The closure of the 16 beds in St James’s Hospital has been described as “another body blow” by Sinn Féin spokesperson for Mental Health, Mark Ward TD.

“The beds in the Sub-Acute unit are a vital cog in a patient’s recovery from mental ill health,” Deputy Ward told Southside People.

“This unit is a step-down service to ease a patient back into their community and onto the road to recovery.

“The closure of these beds comes on top of the decision to close 11 of the 23 inpatient beds in Linn Dara.

“There is a serious problem in work force planning in the HSE. The recruitment and retention problems of health care staff needs to be addressed, particularly in Dublin.

“Information I received from the HSE about exit interviews conducted in CHO 7 for health care workers leaving their posts showed the reasons included:

“Moving to another HSE area – the cost of purchasing property in this CHO area is expensive and staff are generally not in a position to get on the property ladder, particularly those at the start of their career.

“The availability and cost of renting property is also another significant factor.”

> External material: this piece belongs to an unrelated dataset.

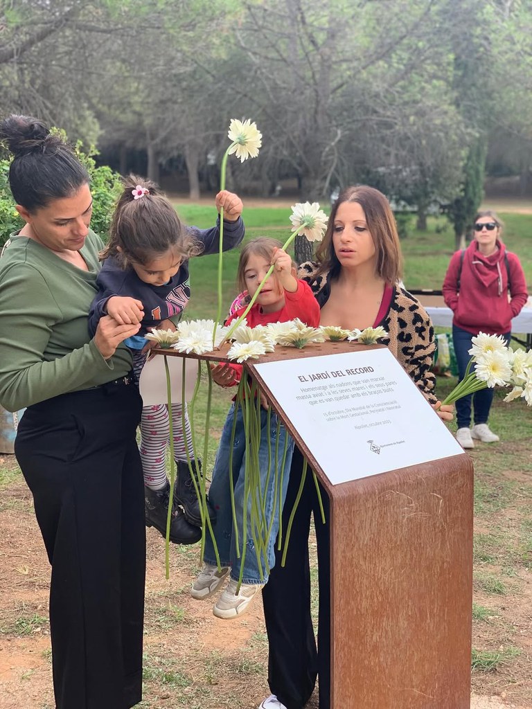 Després dels parlaments, les persones assistents van dipositar flors blanques al pedestal del Jardí del Record, abans de donar pas al ritual íntim guiat per la doula Laura Calderón, per a les famílies que han viscut una pèrdua.

Fine Gael Spokesperson on Health, Colm Burke TD, told Southside People:

“Budget 2022 set out record investment in Mental Health overall of €1.149 billion, €47 million more than in 2021.

“This includes funding for two CAMHS telehubs and €2 million to expand the capacity of CAMHS teams.

“Funding of over €1 million was made available for CAMHS under the Government Initiative to tackle Waiting Lists, with a further €2.4 million available later in the year.

“New referrals received in CAMHS in 2021 was 22,613, up 5,177 (25%) from 2020.

“In the same period the new referrals seen also increased to 12,376, up 1,920 from 2020 (17%).

“91% of urgent CAMHS referrals are responded to within 72 hours.

“Almost €10 million over 2021 and 2022 has been provided for the Primary Care Psychology Waiting List Initiative to reduce the number of children and young people under the age of 18 who are waiting more than 12 months to access primary care psychology services.

“Over the 13 months since March 2021, the number of children and young people waiting more than 12 months fell 25% (1,335).

“In addition, 1,600 young people either accessed treatment or were removed from the waiting list between August and December 2021 as a result of the initiative.

Southside People contacted the HSE for a comment in relation to this story, a spokesperson told us:

“In May 2022, the HSE made the difficult decision to temporarily reduce the inpatient capacity at Linn Dara Child and Adolescent Inpatient facility to 13 beds.

“A decision has also been made to temporarily reduce the inpatient capacity of the Jonathan Swift Centre St James to 16 beds. This will take effect from 26th September 2022.

“The capacity issues are not related to any funding difficulties, but are due to challenges in hiring and retaining nursing staff at levels necessary to operate Linn Dara and Jonathan Swift at full capacity while maintaining the necessary standards of care and safety for patients.

“Both centres affected by temporary bed closures will continue to process referrals for inpatient admissions and are working closely with the other HSE / HSE funded inpatient services to mitigate the situation and facilitate admissions where such capacity exists.

“These reductions are reviewed on a constant basis, with the intention to return to full capacity at the earliest opportunity.

“Healthcare settings continue to face a challenging recruitment environment.

“The HSE is actively engaged in comprehensive national and international recruitment campaigns for Psychiatric Nursing staff as well as recruitment from graduate programmes.

“The HSE continues to explore all avenues to recruit and hire Psychiatric Nursing staff.

“As recruitment is ongoing, it is not possible to give a specific reopening date for the affected centres. “The situation remains under constant review with the intention to return to full capacity at the earliest opportunity.”